Benchmark different batch sizes (10, 100, 1000 rows) to find the optimal size for your workload. Batches that are too large can hit transaction size limits or cause long-running transactions that block other queries.

What breaks without this

An IoT data pipeline inserted sensor readings one row at a time using a loop in application code. Each insert took 6ms, limiting throughput to 166 rows per second per application instance. Batching 100 rows per insert reduced per-batch latency to 25ms, increasing throughput to 4,000 rows per second per instance.

6. Place Frequently Updated Columns in Separate Column Families

CockroachDB stores each row as a key-value pair. By default, all columns in a row are stored together in a single column family. When you update any column, CockroachDB rewrites the entire row. If a table has large columns that are rarely updated alongside small columns that change frequently, every update rewrites the large columns unnecessarily.

Why this matters

Updating a single column in a row with 10 other columns triggers a full row rewrite. If one of those columns is a 50 KB JSON blob, every small update rewrites 50 KB of data plus replication overhead.

What to do instead

Assign frequently updated columns to a separate column family. CockroachDB will store that column family as a distinct key-value pair, so updates only rewrite the changed column family.
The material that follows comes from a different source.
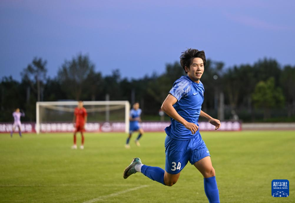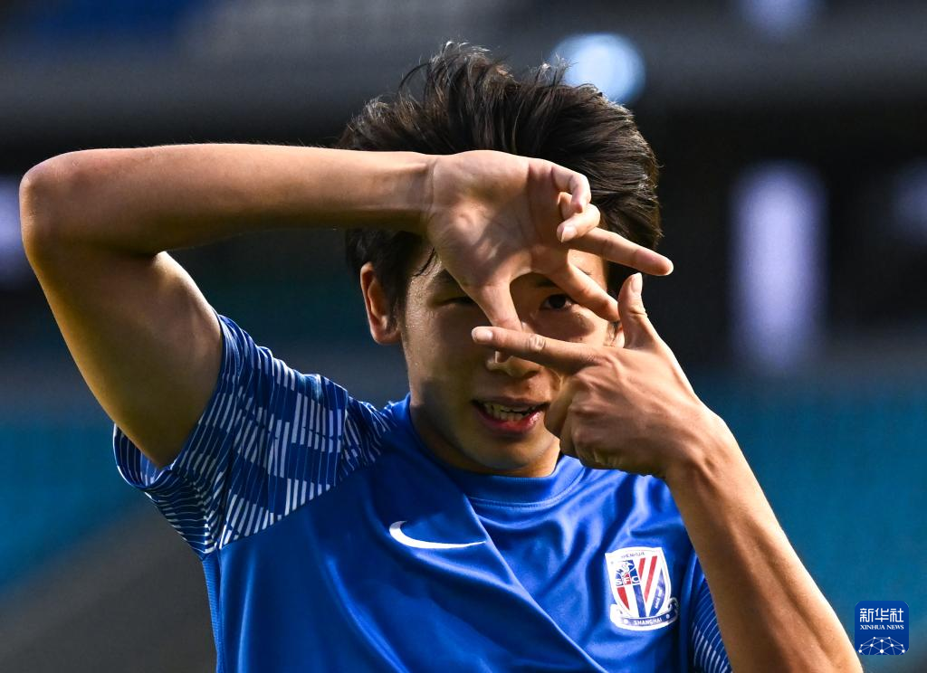 6月13日,上海申花U21队球员刘诚宇在比赛中进球后庆祝。新华社记者 贝赫 摄

Example from CockroachDB column family documentation:

CREATE TABLE products (
  product_id UUID PRIMARY KEY,
  name STRING,
  description TEXT,
  inventory_count INT,
  last_updated TIMESTAMP,
  FAMILY main (product_id, name, description),
  FAMILY inventory (inventory_count, last_updated)
);

Updating inventory_count now rewrites only the inventory family, not the description text.

What breaks without this

An e-commerce catalog stored product metadata and real-time inventory counts in the same table. The description column averaged 20 KB. Inventory updates happened every few seconds, rewriting the full row each time. After splitting inventory_count into a separate column family, update throughput increased by 40% and replication traffic dropped by 35%.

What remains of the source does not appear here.